Well, bonds pay you interest on the cash you invest in them. They are relatively low risk, and unlikely to cause the kind of losses you could see in stocks.
In a high interest rate environment, bonds typically pay you much better yields than cash investments.
Today, you can own in different types of bond investments, such as a ETFs i.e. – Satrix GOVI ETF
The benefit of a bond ETF is the fact that you have liquidity – meaning you can access your cash by simply selling the ETF.
Then you can also consider the popular RSA Retail Savings Bonds. These are fixed rate bonds that typically pay higher returns – anywhere from 9%-11% depending on which bond you choose (2,3, and 5 year).
The only catch is that your money is tied up for 2, 3 or 5 years into these bonds.
That said, with current risks, I would allocate 25% to bonds.
Quadrant #3 – Higher risk, higher return: Investing in stocks
The worst thing to do right now is to sell ALL your shares.

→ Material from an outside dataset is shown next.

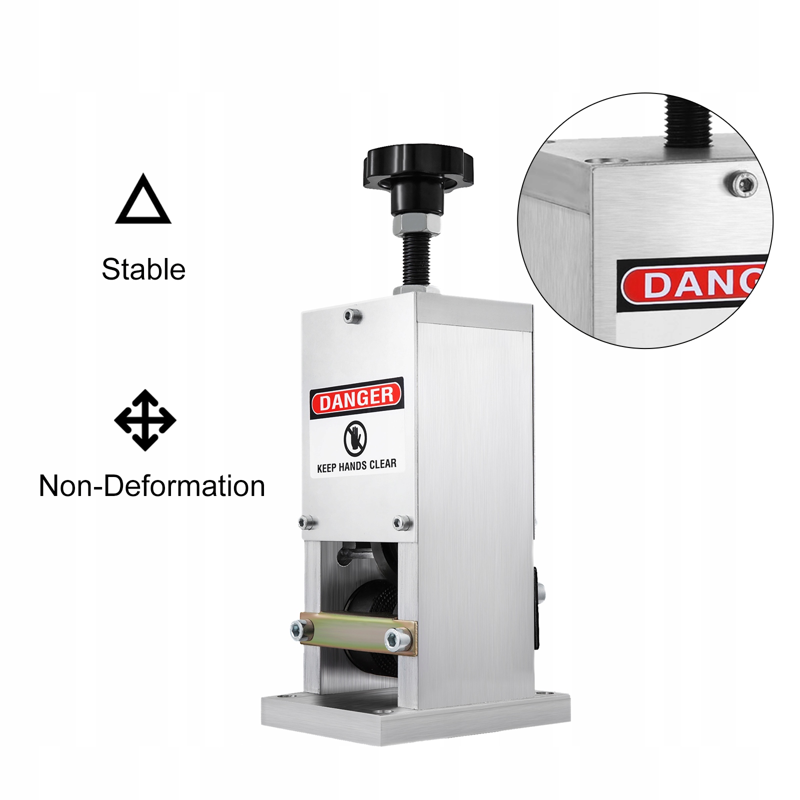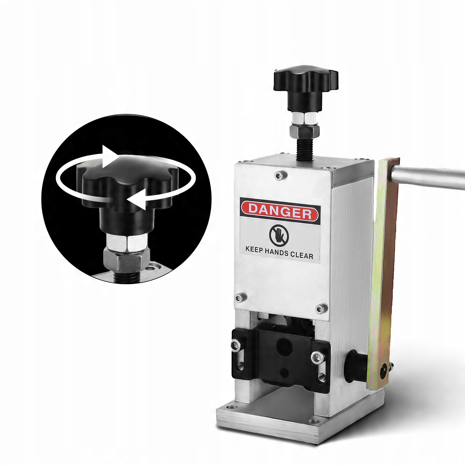 - Легко в использовании: на компьютере для загрузки изоляции есть регулируемое лезвие, панель питания и гайки, плавно и подходит для любой формы кабеля. Он легко устанавливается на любой скамейке или на рабочей станции.

Sure, the JSE took a beating in the first half of the year…But it has recovered remarkably thanks to optimism surrounding the GNU. On the other hand, US markets have performed incredibly during the first half of the year and now have taken a bit of breather.
This is why diversification among many different stock markets is crucial – when one market falls, another will rise.
I’d go for a 40% allocation here. I would split 15% in riskier growth stocks like penny shares, 5% in the JSE Top 40 (probably through an ETF like the Satrix 40 ETF) and 20% split in offshore investments such as the S&P500 and World ETF – which gives you exposure to a basket of international shares in the USA, Japan, China, the UK and more.
Quadrant #4 – Real assets could be your best friend in a crisis
Tangible assets should also form part of your portfolio.
This would include things like Gold and other precious metals such as silver, platinum or palladium. It could include property, art or even oil.
As we’ve seen this year, a combination of war, political uncertainty to due global elections, and a slowing global economy with high debt has pushed both gold and silver prices much higher.
In fact, both real assets are two of the best performing assets in 2024 so far.
An easy way to own gold, silver and so is though ETFs and ETNs. I prefer the ETF for its liquidity, and cheaper transaction cost.
Not to mention the security risk you have with gold in your house these days.
My total allocation for tangible assets is 20% right now.
Here I’d split your allocation of 7.5% gold, 7.5% silver and 5% listed property for the consistent dividends.
No investment or allocation strategy can protect you from the worst type of financial calamity – but it sure helps to have your eggs split into these four baskets.